Ralf Gerlinde ist unumstritten erfolgreicher und populärer als ich. Das sehe ich aber sehr entspannt. Ich bin ein Mann und die Leistungen, die ich erbracht habe, haben auch etliche andere Männer erbracht. Ich habe mich nie als den super Bergsteiger gesehen. Außerdem komme ich aus einer Familie, in der Gleichberechtigung groß geschrieben wurde. Durch die Eiger-Live-Geschichte, weiß ich aus eigener Erfahrung, wie anstrengend die große Öffentlichkeit sein kann. Kurzum: Ich freue mich für Gerlinde, gönne es ihr. Keinerlei Neid. Im Gegenteil. Heute Mittag z.B. musste Gerlinde hier in Banff zu einem Interview. Und ich? Hatte über drei Stunden Zeit für mich, konnte lesen und mir in aller Ruhe einen Festival-Film anschauen.
Gerlinde Jetzt stapelst du aber tief, Ralf! Du bist supergut strukturiert. Auch in den Bergen. Das geht schon damit los, dass du einen unglaublich guten Orientierungssinn hast. Außerdem ist deine Vorbereitung immer akkurat. Du bist überaus erfahren und bestens organisiert. Das alleine hebt dich ab von anderen Bergsteigern.

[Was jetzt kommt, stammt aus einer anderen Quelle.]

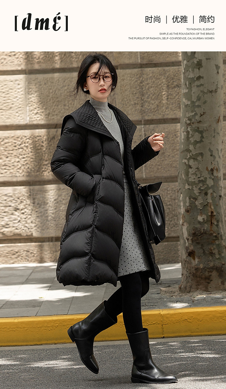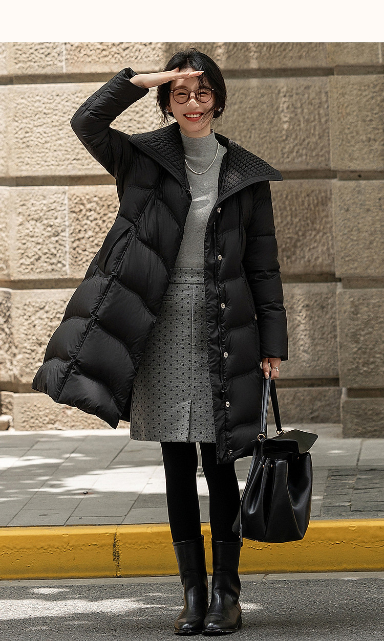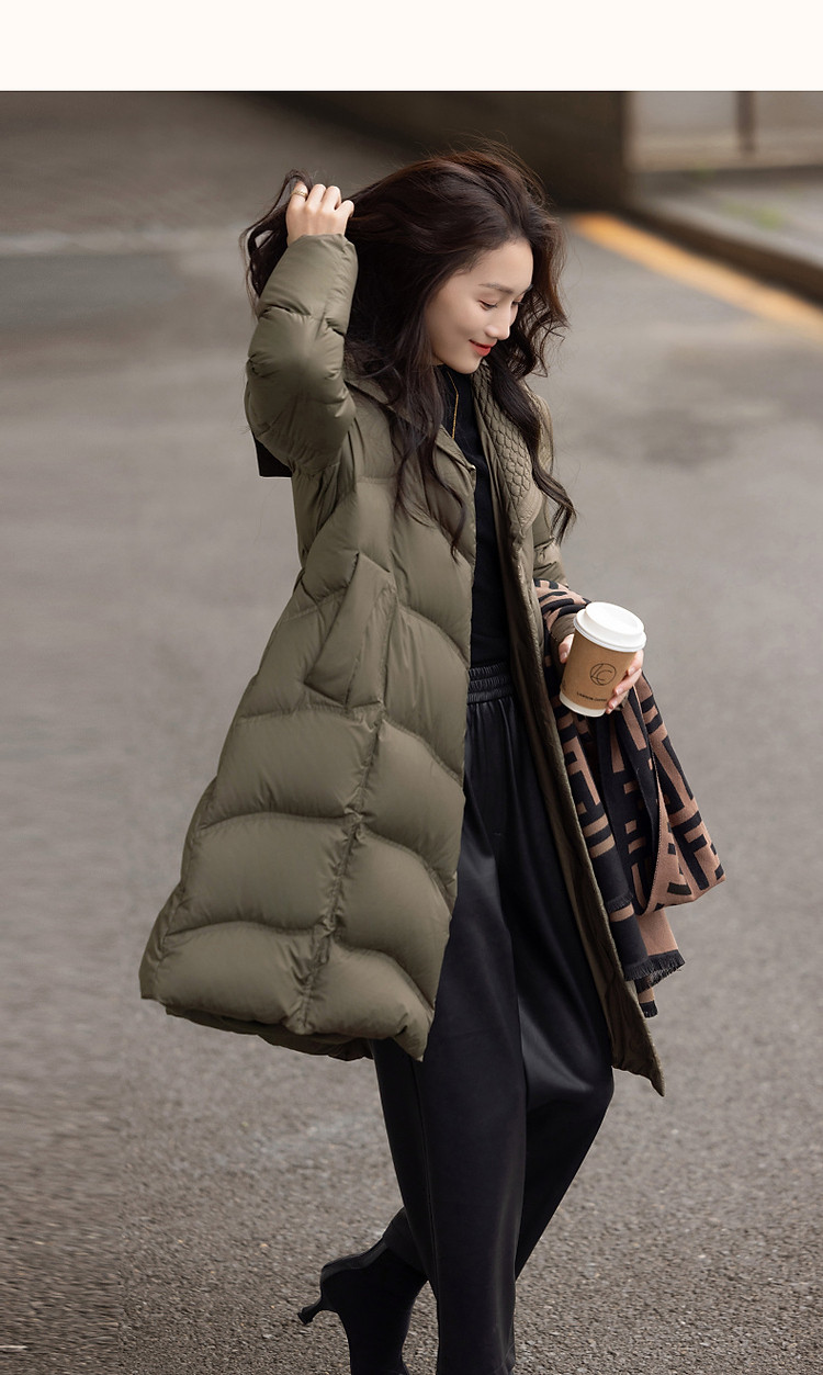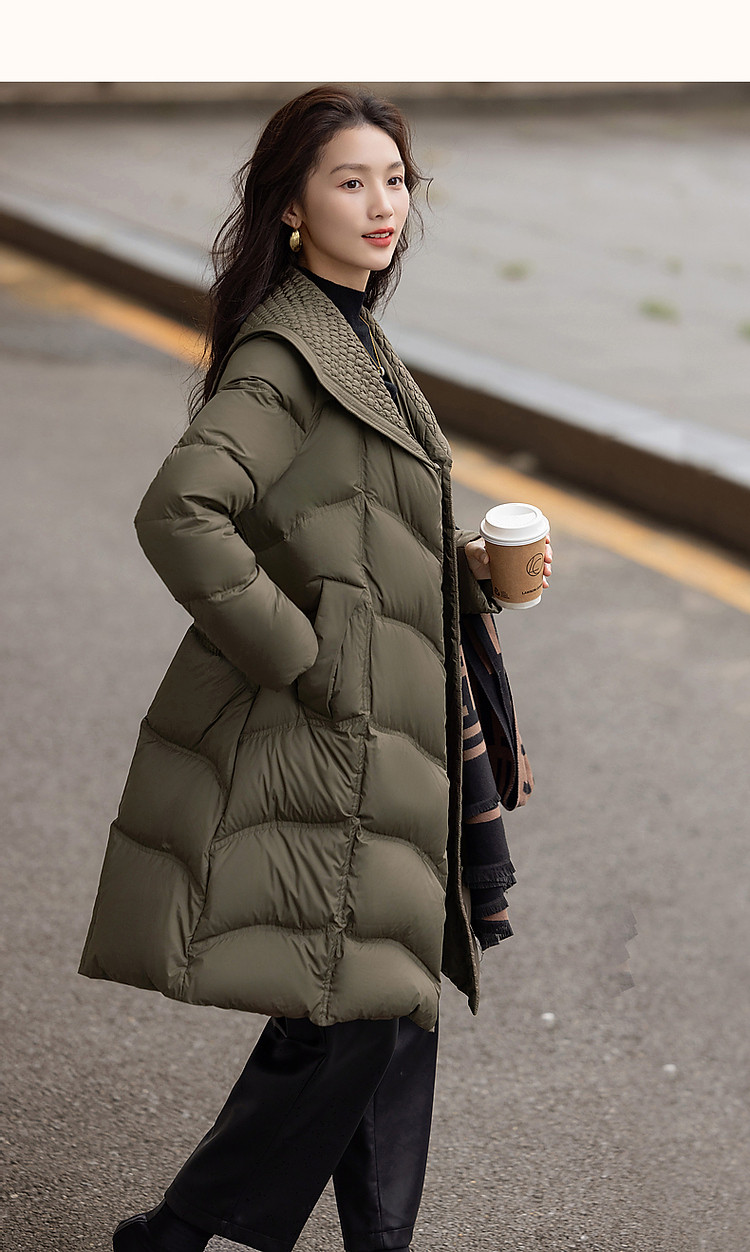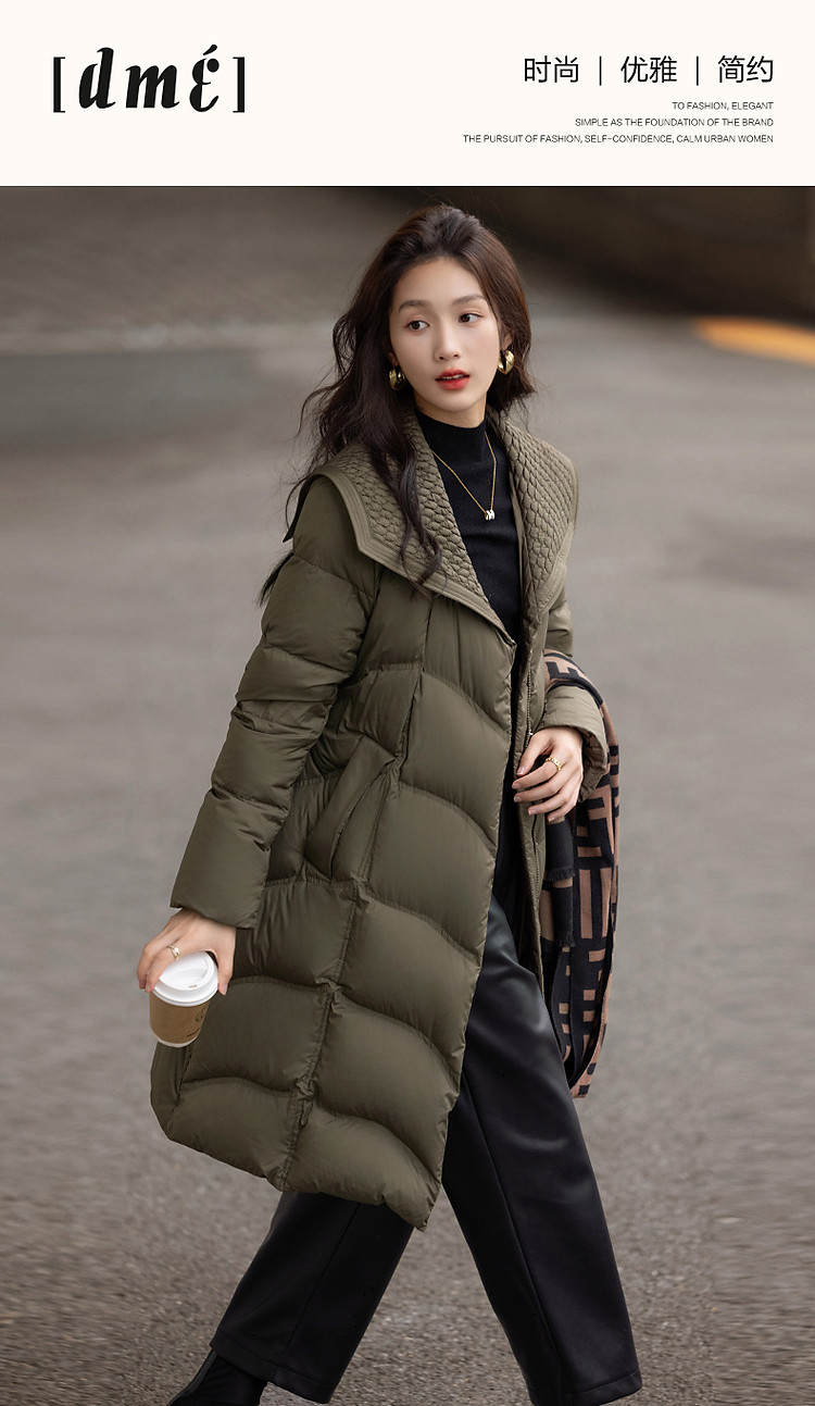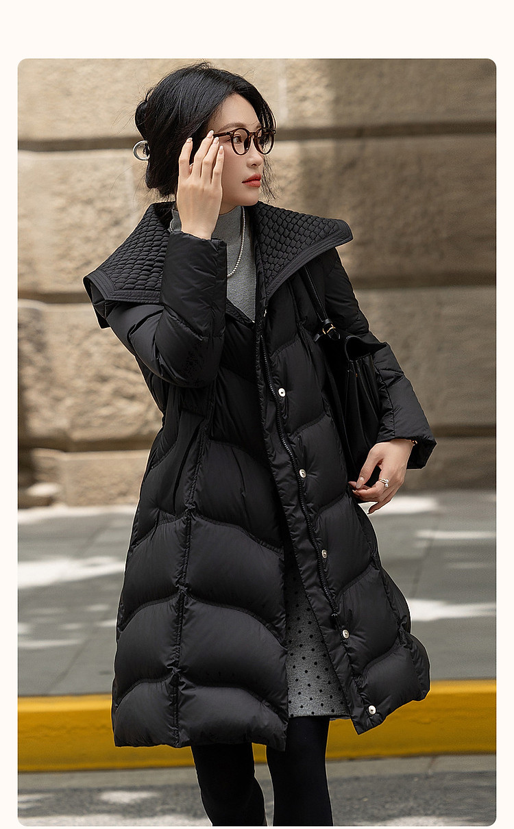 【400T春亚纺】冬季轻量90鸭绒大翻领抽皱调节腰女式羽绒服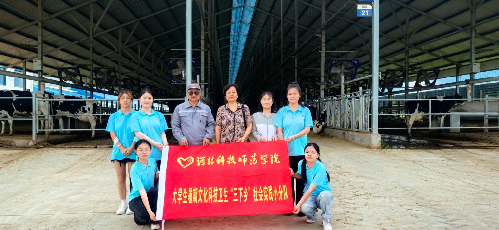2025年7月4日,为积极响应国家乡村振兴战略,Beat365唯一官方网站动物科技学院“助农先锋”李保国志愿服务队队员在学院党委副书记任轶艳、团委书记赵祥瑞、专家史秋梅教授、付志新老师及王俊梅博士带领下,深入河北省秦皇岛市禾田牧业有限责任公司,围绕畜牧行业奶牛养殖技术调研、产业发展助力等主题开展将课堂所学精准对焦产业一线,以科技力量赋能乡村振兴。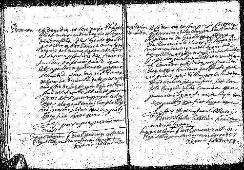 | Descripción: Juan Solans mayor vecino de Parzán nombra sus procuradores a Juan Montaner mayor y a Juan Montaner menor vecinos de Bielsa.... |
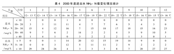 從表4可以看出,全年中各月的進水NH3-N變化不大,一般在20~30 mg/L。而出水NH3-N則不同。由于溫度的影響,一四季度(水溫12~16℃)出水NH3-N<5 mg/L的天數(shù)占運行天數(shù)的0~29%,NH3-N<10 mg/L的天數(shù)占運行天數(shù)的0~35%;二三季度(17~22℃)出水NH3-N<5mg/L的天數(shù)占運行天數(shù)的46%~71%,NH3-N<10 mg/L的天數(shù)占運行天數(shù)的72%~93%。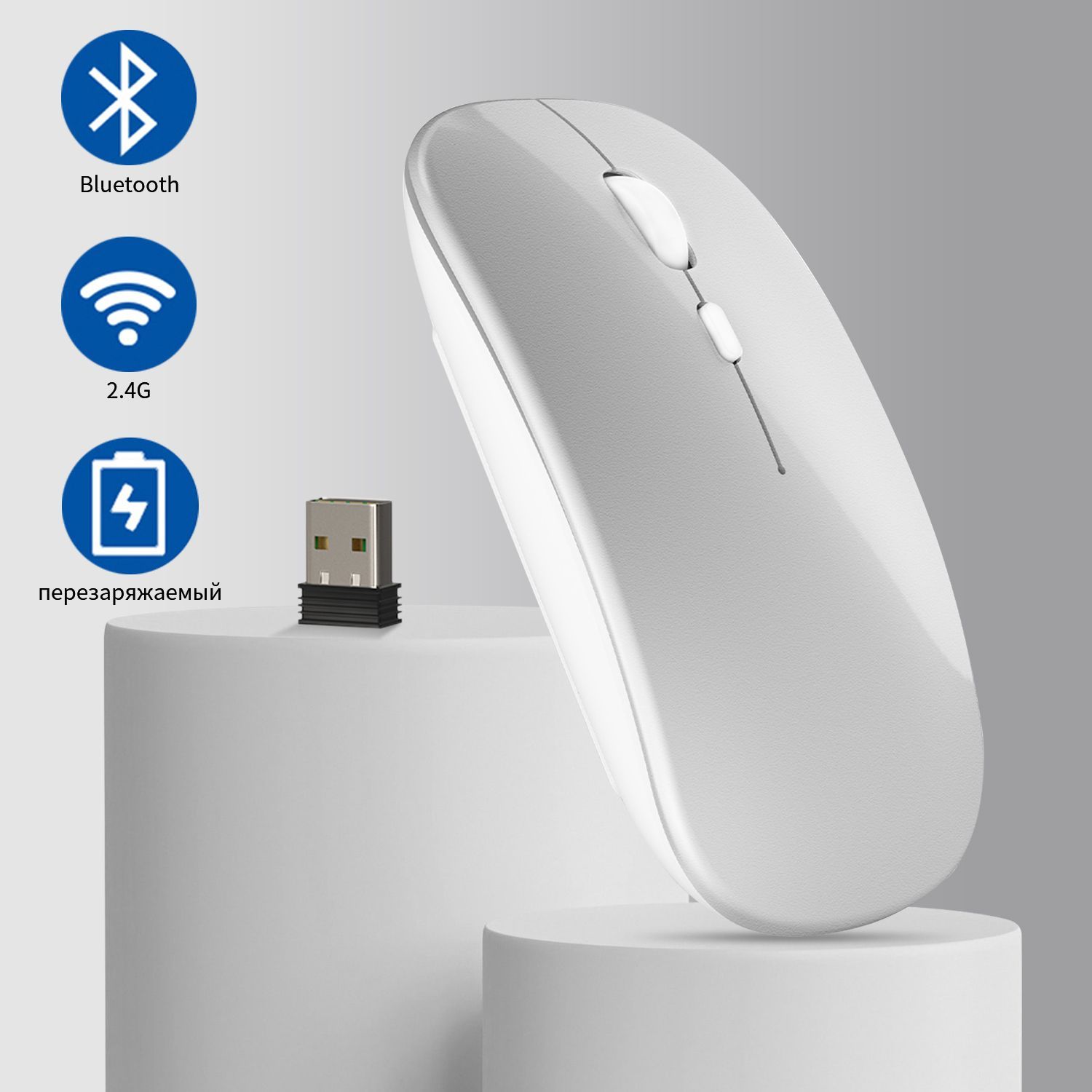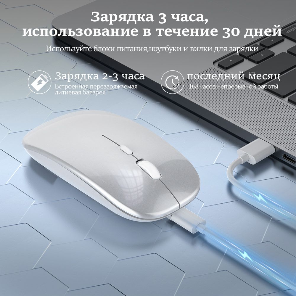 мышь беспроводная бесшумная компьютерная мышь bluetooth, аккумуляторная мыши для ноутбука ПК, серебро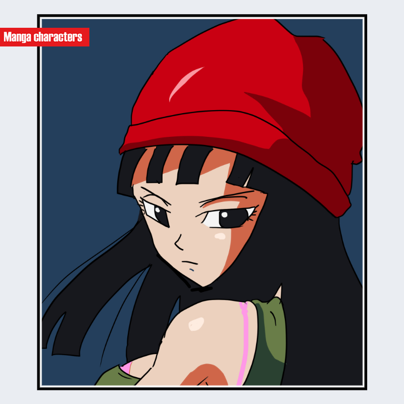 『ドラゴンボール』に登場するマイは、黒髪のロングストレートと特徴的な軍服風衣装を持つ女性キャラクターである。髪は前髪を短く整えた直線的な構造で、全体は腰まで伸びるロングスタイル。衣装は深緑色の戦闘服に茶色のベルトを組み合わせた「軍装融合型」構造で、腕章には赤いシンボルマークが施されている。また、赤いベレー帽が視覚的なアクセントとして機能しており、全体に統一感のある軍事的デザインが際立っている。

Hast du, Gerlinde, in Sachen Logistik bei Expeditionen von Ralf profitiert?
Gerlinde Das schreiben die Medien ja sehr gerne und ich habe kein Problem damit, das auch so zu unterschreiben, möchte aber doch betonen, dass ich, bevor ich Ralf kennen gelernt habe, meine Expeditionen auch schon ganz gut auf die Reihe bekommen habe. Viel wertvoller empfinde ich Ralfs mentale Unterstützung. Ihn in meiner Nähe zu wissen, tut mir gut. Selbst, wenn er nicht mit auf dem Berg, sondern vielleicht im Basislager ist. Auch wenn er mich zu Terminen begleitet, ist das eine große Unterstützung. Für uns beide passt das so einfach gut. Wir sind ein Team und halten in allen Belangen zusammen.
Ralf Mittlerweile ist es auch so, dass wir zahlreiche Anfragen für gemeinsame Vorträge bekommen. Diese ziehen wir den Einzelvorträgen etwas vor, ganz einfach, weil wir dann nicht so lange getrennt sind. Das ist doch logisch. Es ist, wie bei jedem anderen Paar auch, einfach angenehmer gemeinsam unterwegs zu sein. Hat einer mal einen schlechten Tag oder einen Hänger, fängt der andere das ganz einfach ab. Außerdem hören wir immer wieder vom Publikum, wie interessant es ist, zwei Sichtweisen zu bekommen.
Gerlinde, die 14 Achttausender haben 13 Jahre deines Bergsteigerlebens strukturiert und ausgefüllt. Seit 2011 ist das Projekt erfolgreich abgeschlossen. Fällt man danach in ein Loch?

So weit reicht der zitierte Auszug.